Other labeled risks include acute pancreatitis, gallbladder disease, acute kidney injury from severe dehydration related to gastrointestinal adverse events, and diabetic retinopathy complications in people with pre-existing retinopathy. Hypoglycemia risk as monotherapy is low because of the glucose-dependent mechanism, but rises meaningfully when semaglutide is combined with insulin or sulfonylureas; dose reductions of those agents are generally recommended when initiating semaglutide in people already on them.

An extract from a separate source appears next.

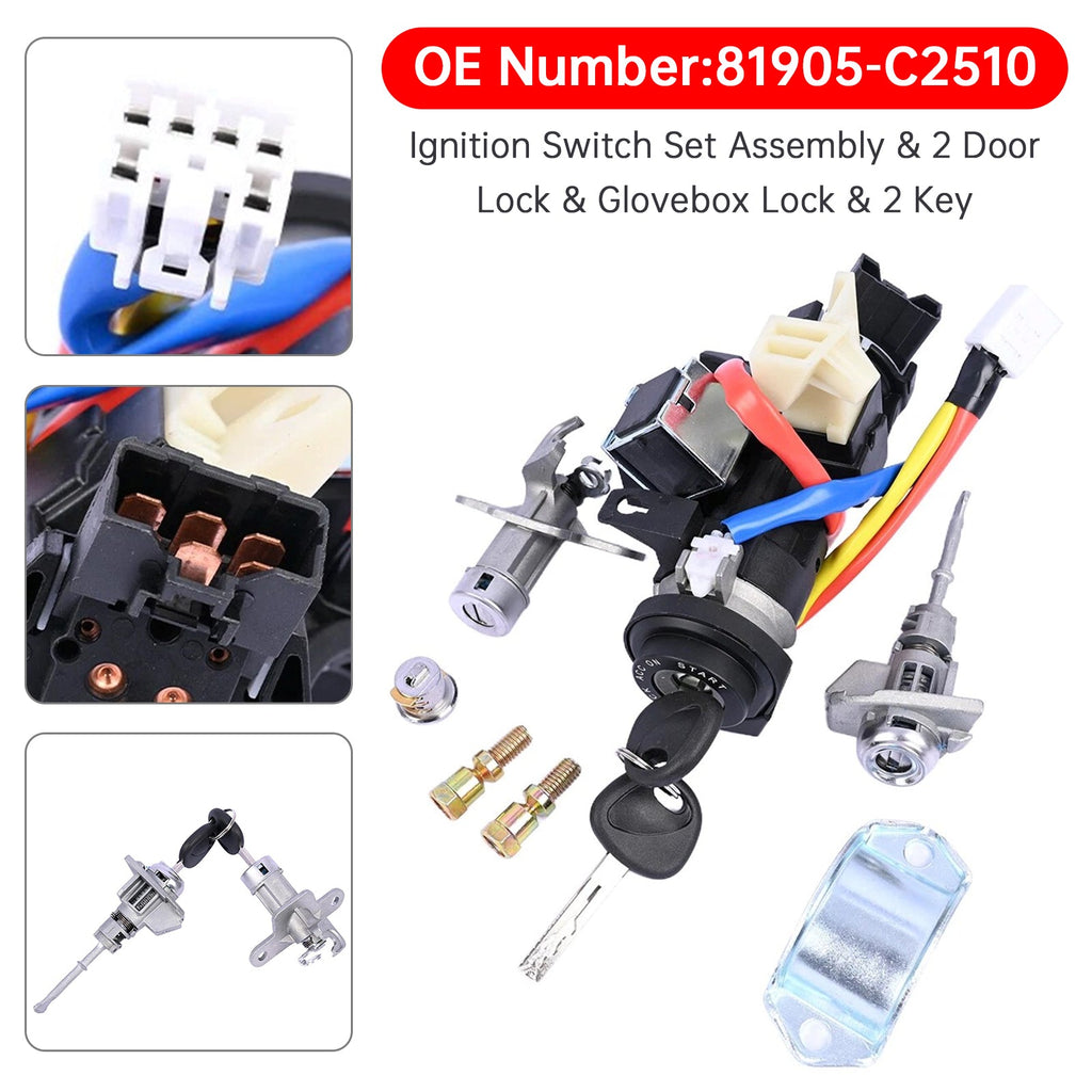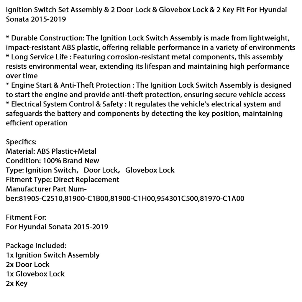 Ignition Switch Set Assembly & 2 Door Lock & Glovebox Lock & 2 Key Fit For Hyundai Sonata 2015-2019

Muscle mass preservation during semaglutide-induced weight loss is a topic that has received increasing clinical attention. Lean mass loss accompanies fat loss during caloric restriction from any cause, and pharmacologically mediated weight loss is no exception. The degree of lean mass loss relative to total weight loss with GLP-1 agents appears broadly similar to what is observed with dietary restriction or lifestyle intervention producing equivalent weight changes, but this remains an area of active investigation. Resistance exercise during treatment is widely discussed in clinical practice as a strategy to attenuate lean mass loss, though randomized trial data specifically on this combination are limited.